Assigned task :: From the first line to the last, restate the material word for word; pictures stay out.
════════
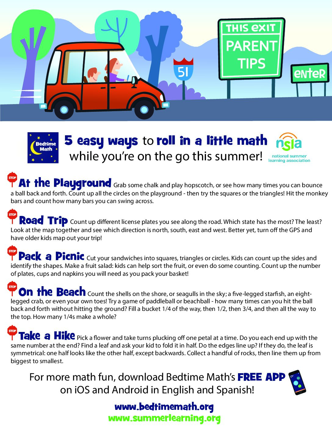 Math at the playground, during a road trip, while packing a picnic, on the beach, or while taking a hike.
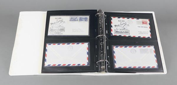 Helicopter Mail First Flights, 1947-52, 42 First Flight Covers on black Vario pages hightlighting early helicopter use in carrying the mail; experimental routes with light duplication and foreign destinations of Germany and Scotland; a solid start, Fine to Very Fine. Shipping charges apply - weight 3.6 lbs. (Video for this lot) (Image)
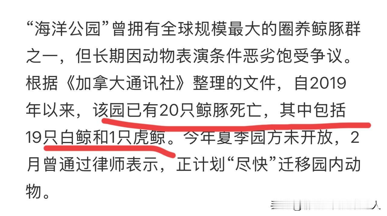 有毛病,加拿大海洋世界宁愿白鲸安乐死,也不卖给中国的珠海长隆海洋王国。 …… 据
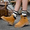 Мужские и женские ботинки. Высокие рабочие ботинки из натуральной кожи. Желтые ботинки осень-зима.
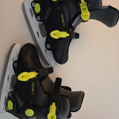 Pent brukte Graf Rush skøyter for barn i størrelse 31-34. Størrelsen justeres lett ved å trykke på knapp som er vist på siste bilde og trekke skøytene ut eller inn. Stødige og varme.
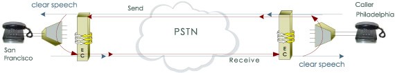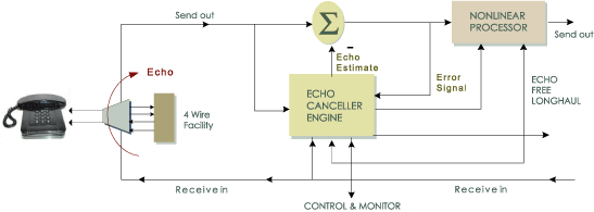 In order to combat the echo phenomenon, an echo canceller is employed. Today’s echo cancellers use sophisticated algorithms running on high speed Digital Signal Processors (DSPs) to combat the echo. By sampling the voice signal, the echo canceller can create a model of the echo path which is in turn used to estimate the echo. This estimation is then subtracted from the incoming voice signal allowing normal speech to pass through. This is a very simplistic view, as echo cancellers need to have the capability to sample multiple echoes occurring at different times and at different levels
════════
Response ::
 Math at the playground, during a road trip, while packing a picnic, on the beach, or while taking a hike.
 Helicopter Mail First Flights, 1947-52, 42 First Flight Covers on black Vario pages hightlighting early helicopter use in carrying the mail; experimental routes with light duplication and foreign destinations of Germany and Scotland; a solid start, Fine to Very Fine. Shipping charges apply - weight 3.6 lbs. (Video for this lot) (Image)
 有毛病,加拿大海洋世界宁愿白鲸安乐死,也不卖给中国的珠海长隆海洋王国。 …… 据
 Мужские и женские ботинки. Высокие рабочие ботинки из натуральной кожи. Желтые ботинки осень-зима.
 Pent brukte Graf Rush skøyter for barn i størrelse 31-34. Størrelsen justeres lett ved å trykke på knapp som er vist på siste bilde og trekke skøytene ut eller inn. Stødige og varme.
 In order to combat the echo phenomenon, an echo canceller is employed. Today’s echo cancellers use sophisticated algorithms running on high speed Digital Signal Processors (DSPs) to combat the echo. By sampling the voice signal, the echo canceller can create a model of the echo path which is in turn used to estimate the echo. This estimation is then subtracted from the incoming voice signal allowing normal speech to pass through. This is a very simplistic view, as echo cancellers need to have the capability to sample multiple echoes occurring at different times and at different levels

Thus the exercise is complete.